Policjant złamał rękę uczestniczce Strajku Kobiet. Rzecznik komentuje
19-letnia Aleksandra, uczestniczka Strajku Kobiet, poinformowała, że policjant, który ją zatrzymał, złamał jej rękę. Dziewczyna trafiła do szpitala i czeka ją operacja. Rzecznik policji komentuje bulwersujące zdarzenie.

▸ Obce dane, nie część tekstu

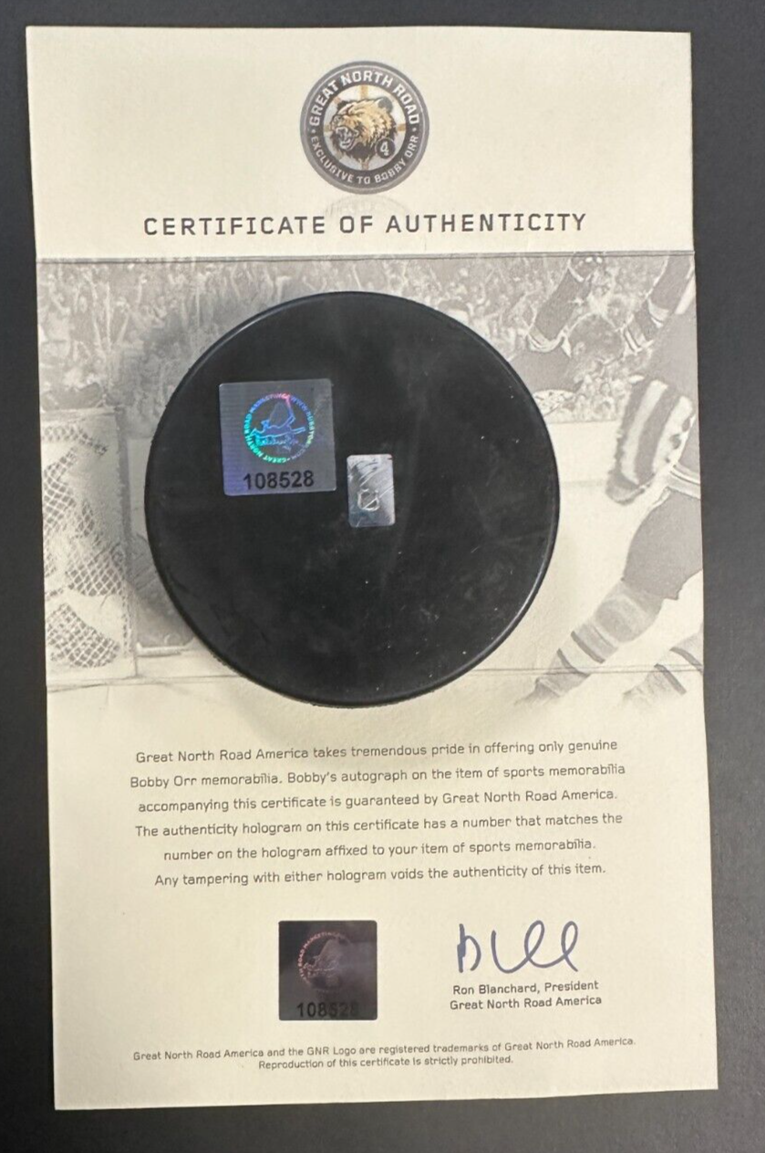 Bobby Orr Autographed Boston Bruins Old Logo Hockey Puck HOF GNR
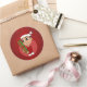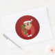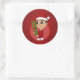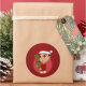 Diseño con el ilustracion de un lindo sonriente niño pequeño y feliz, lleva el traje rojo y blanco de Santa Claus y tiene un regalo ; Navidades diseño de vacaciones con fondo rojo
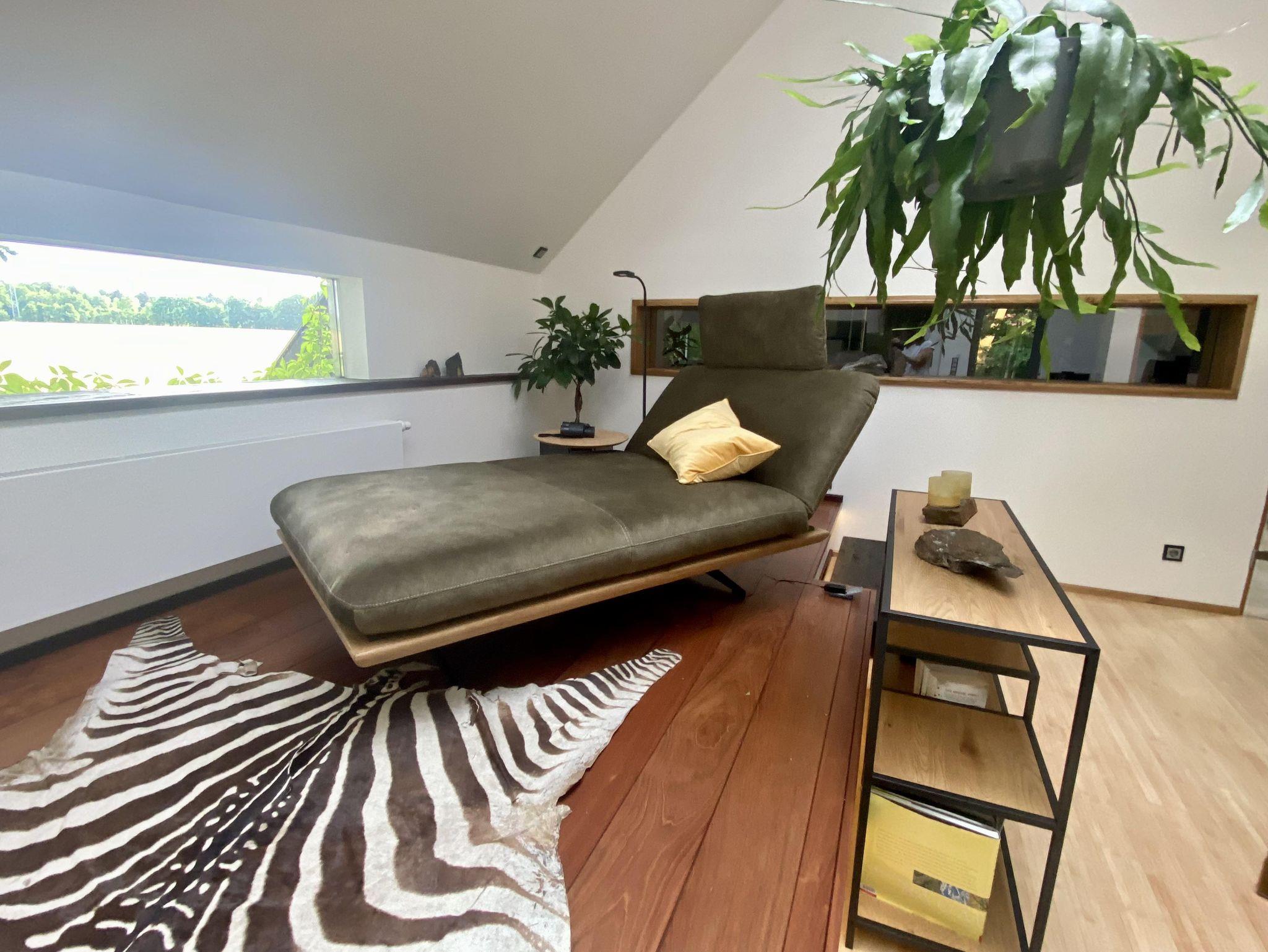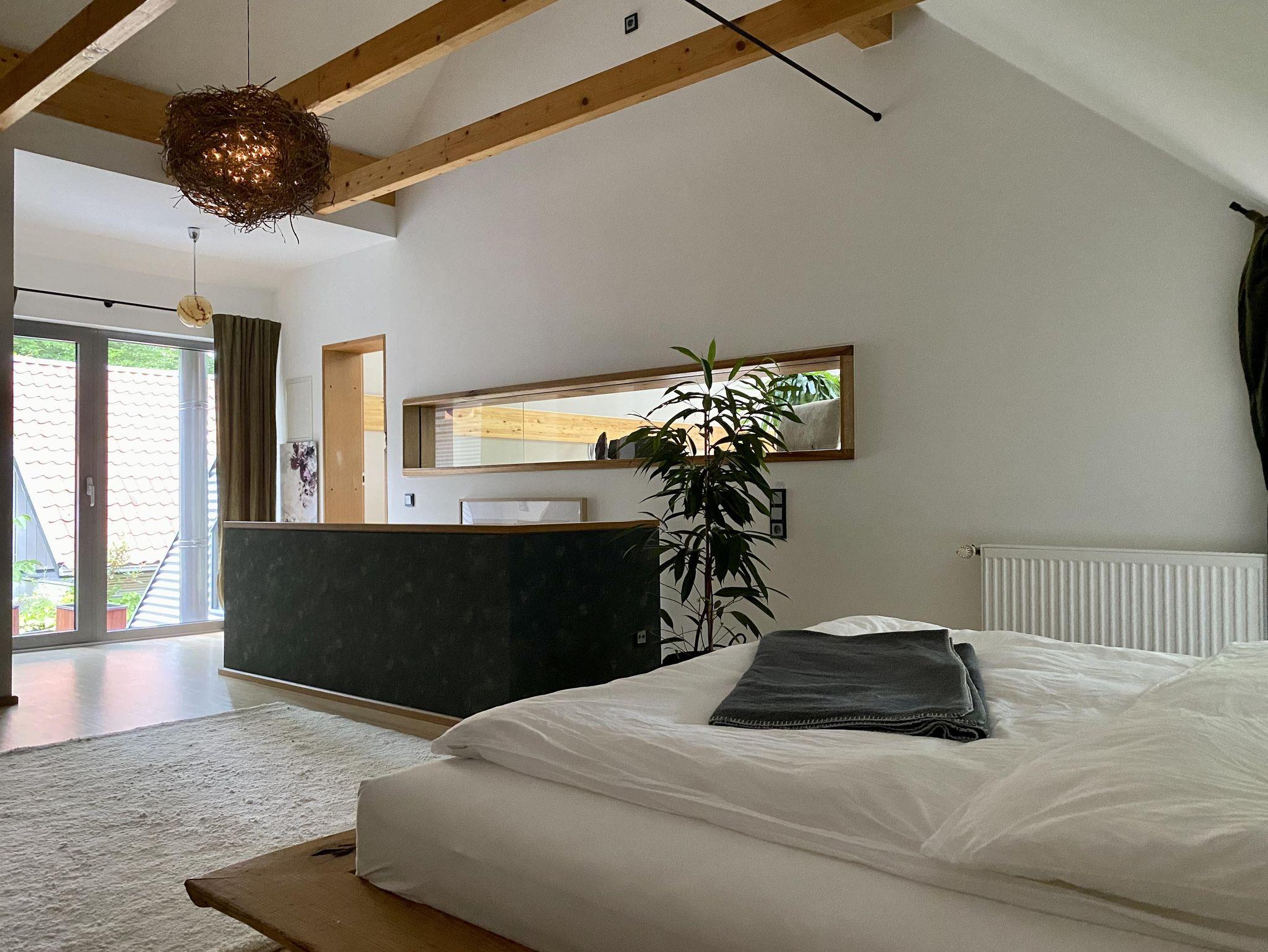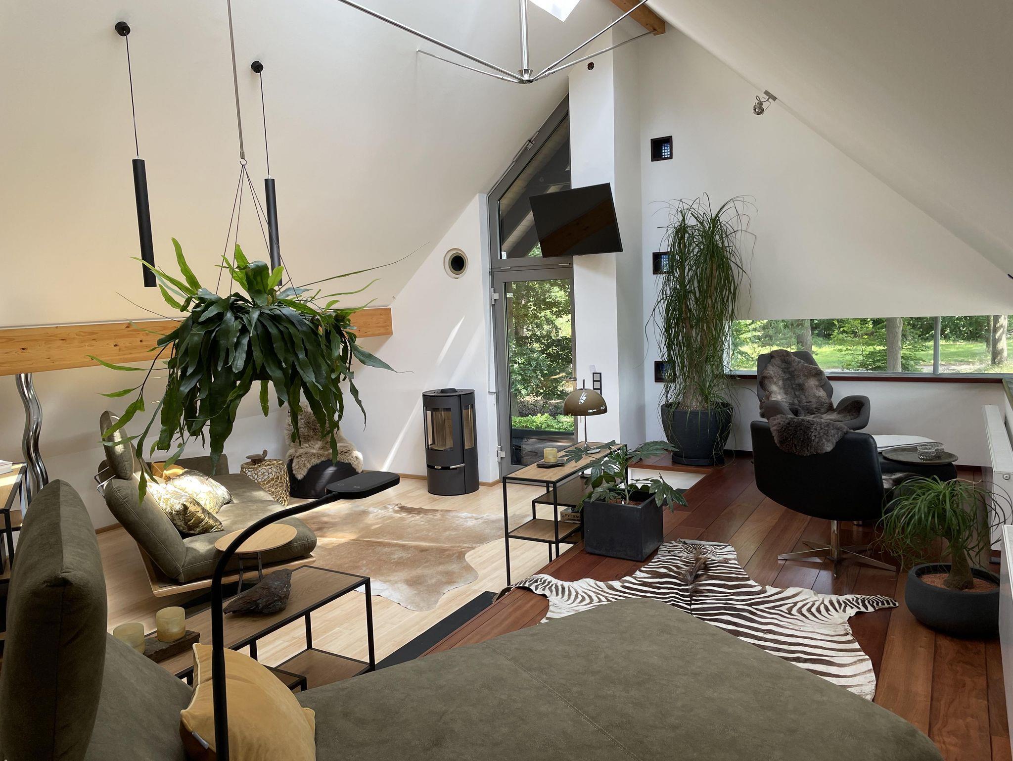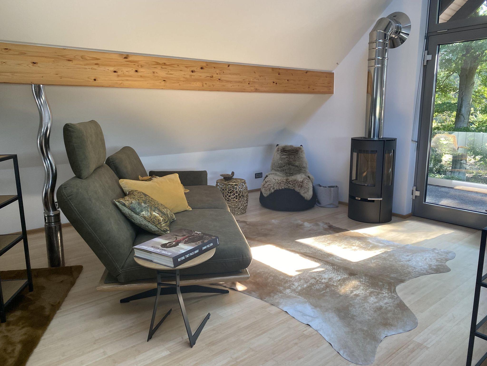 Über die Treppe gelangt man in das loftartig ausgebaute OG, mit Schlaf-Ankleidebereich, elektr. verstellbarem Massivholz-Doppelbett und dimmbaren Leseleuchten. Angrenzend liegt das separate Bad mit Wanne und Duschmöglichkeit. Über den offenen Flurbereich betritt man den lichtdurchfluteten Atelier-Wohnbereich mit Panorama-Verglasung. Diverse Sitz- und Ruhemöbel, ein kleiner Office-Bereich sowie digitale Endgeräte (TV/dab+Radio/Bluetoothbox) sind ebenso vorhanden, wie ein weiterer Kaminofen. Alle Räume, bis auf Küche und Entree, sind mit Massivholzböden belegt.

11.12.2020 | aktual.: 02.03.2022 20:09
W środę 9 grudnia ulicami Warszawy przechadzał się tłum protestujących w ramach inicjatywy "Spacer dla Przyszłości", zorganizowanej m.in. przez Ogólnopolski Strajk Kobiet i Greenpeace Polska. Podczas marszu miało dojść do bulwersującej sytuacji. 19-letnia Aleksandra, uczestniczka protestu, poinformowała, że policjant najpierw wykręcił, a potem złamał jej rękę. "Padłam ofiarą przemocy policyjnej. Podczas demonstracji solidarnościowej z zatrzymanymi na komendzie na Wilczej, dokładnie o godz. 22, policja rzuciła się na zebrany tłum. (…) Ja najpierw trafiłam do kotła, w którym policja zamknęła kilka osób. Potem zostałam przyduszona poprzez ciągnięcie mnie przez funkcjonariusza za szalik, następnie zaprowadzona siłą do radiowozu" – napisała uczestniczka protestu.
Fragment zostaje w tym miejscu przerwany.